Combinatorics (from research): - 181 values per axis (100–1000 mm, step 5 mm) - 16,471 unordered pairs (with repetition) - ~32 GB total storage - ~13 KB per grid cell in binary STL - ~15 seconds average generation time per combination (2 vCPU)


END OF PROMPT


This prompt first extracts the preview generation pipeline from the NestJS service into @forma3d/gridflock-core as a reusable generatePreviewStl() function — creating a single source of truth for STL preview generation.
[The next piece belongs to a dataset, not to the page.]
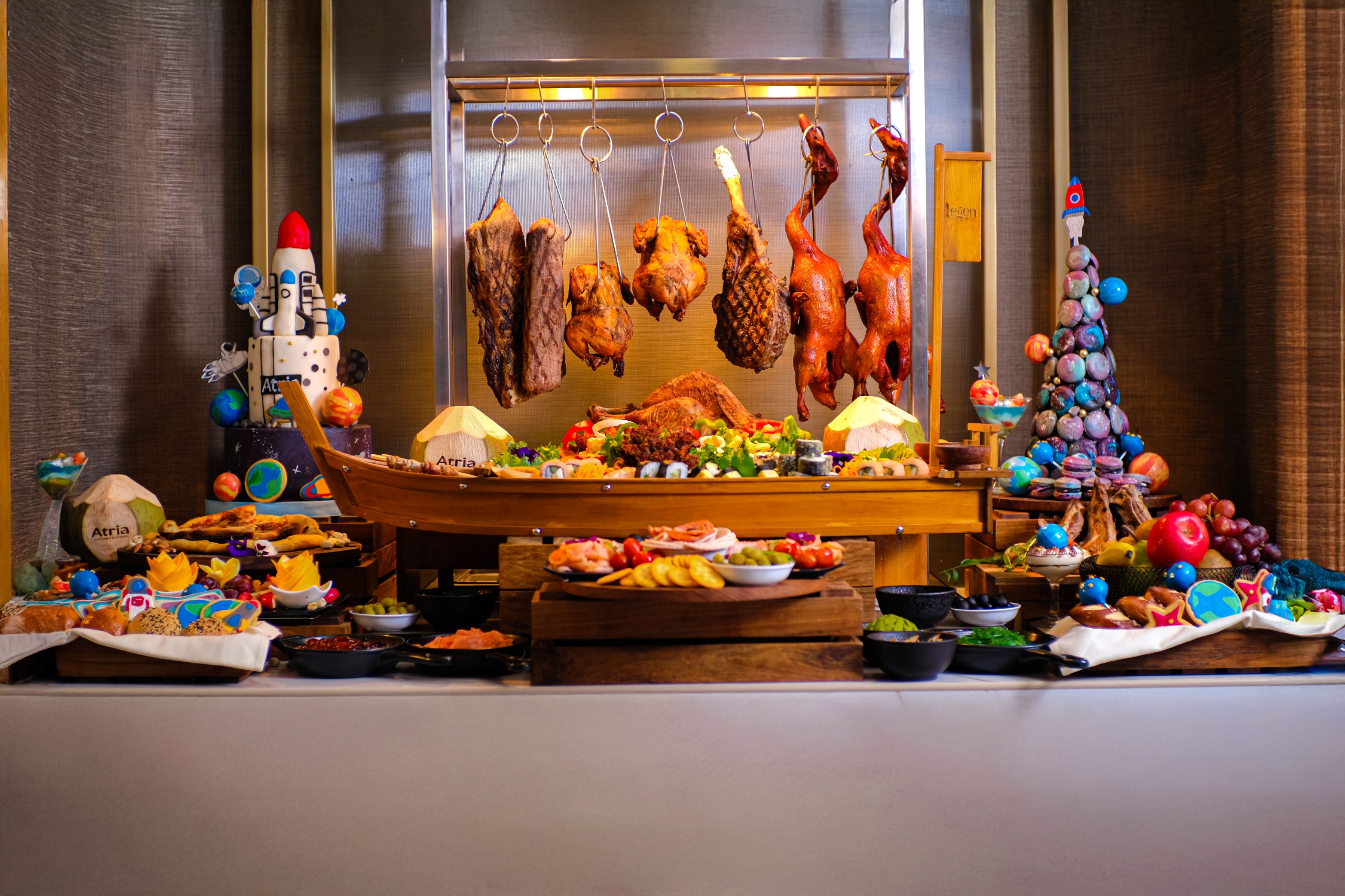 Executive Chef Atria Hotel & Residences Gading Serpong, Chef Hidayat, turut memaparkan konsep buffet bertema “Diversity of Taste in The Universe” yang akan menjadi sajian utama pada gala dinner. Para tamu dapat menikmati 17 stall hidangan internasional, menghadirkan variasi menu dari berbagai negara. Beberapa hidangan unggulan yang akan disajikan antara lain Roasted Turkey, Beef Tomahawk, live cooking pasta dengan wheel cheese, sushi bar, hingga dessert bertema galaxy. Chef Hidayat menambahkan, akan ada cooking class menghias muffin dengan tema galaksi yang bisa diikuti oleh tamu dewasa maupun anak-anak.

Both the server and the offline script call this same function, so changes to generation logic only happen in one place. The generation script (populate-preview-cache.ts) is a thin CLI wrapper that handles enumeration, concurrency, file I/O, and progress. The upload script (upload-preview-cache.sh) transfers the results to the staging server via rsync. No server-side API, BullMQ, or UI changes are involved.